Unreliable Data, Mismanaged Resources Hinder Foreign Inspections, Witnesses Say
The FDA does not know how many foreign manufacturing facilities are exporting drugs to the U.S. and is unable to inspect them adequately, witnesses at a House Oversight and Investigations Subcommittee hearing said. One former agency employee called foreign inspections the “redheaded stepchild” of the FDA, long ignored in terms of policy updates and resources.
A lack of resources, an unreliable IT system and organizational problems all were cited as contributing to the FDA’s inability to increase foreign manufacturing inspections. The problem has gotten worse over the past few years due to expanded globalization, witnesses said.
Approximately 80 percent of active pharmaceutical ingredients that go into drugs are manufactured abroad, according to Subcommittee Chairman Bart Stupak (D-Mich.). However, there is no law dictating how often the FDA must inspect foreign drug manufacturers.
One of the major problems is the FDA’s IT system, which is unorganized and contains unreliable information, preventing the agency from properly allocating resources for foreign inspections, Stupak said. Over the last three months, the FDA gave Congress 10 different numbers of facilities exporting to the U.S., ranging from 2,100 to 13,800, he added.

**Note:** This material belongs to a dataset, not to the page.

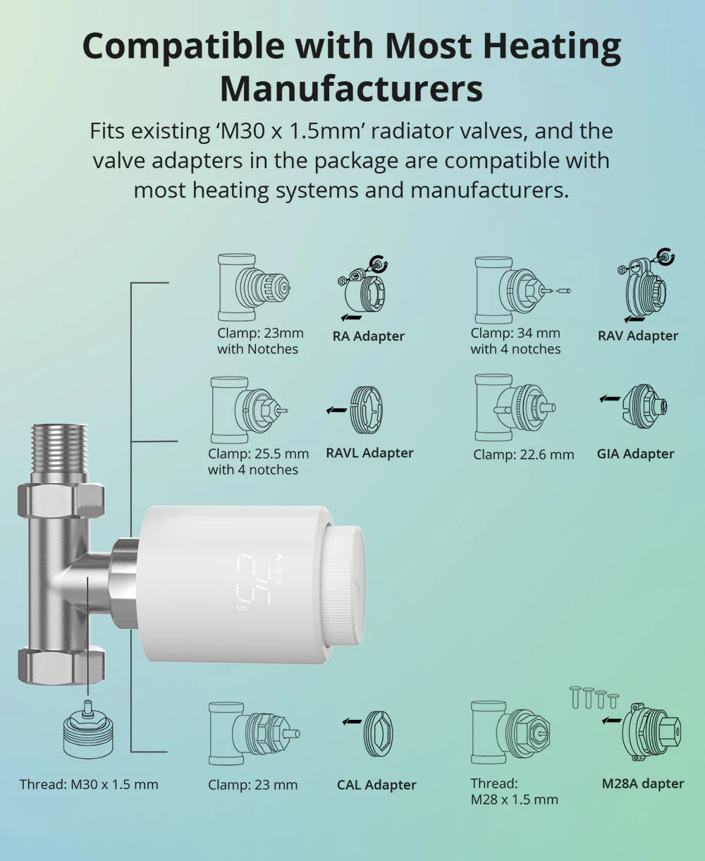❍   Лесен монтаж и съвместимост: Съвместимост със стандартни радиаторни вентили и лесен монтаж, който позволява бърза и лесна инсталация на устройството без необходимост от професионална помощ.

Rep. John Dingell (D-Mich.) has introduced a bill that would establish a user fee for each line of imported products. Stupak, a co-sponsor of the bill, said the legislation would provide an additional $300 million to the agency.
However, witnesses warned against seeing the legislation as a panacea. A user fee could help, but the funding should be dedicated to the agency’s IT system and a smaller amount than stated in the bill would still be useful, former Director of the Office of Regulatory Affairs’ Division of Import Operations Carl Nielsen said.
While the FDA needs more resources to increase foreign inspections, a user fee could decrease appropriated funding for the agency, Coalition for a Stronger FDA Senior Adviser William Hubbard added.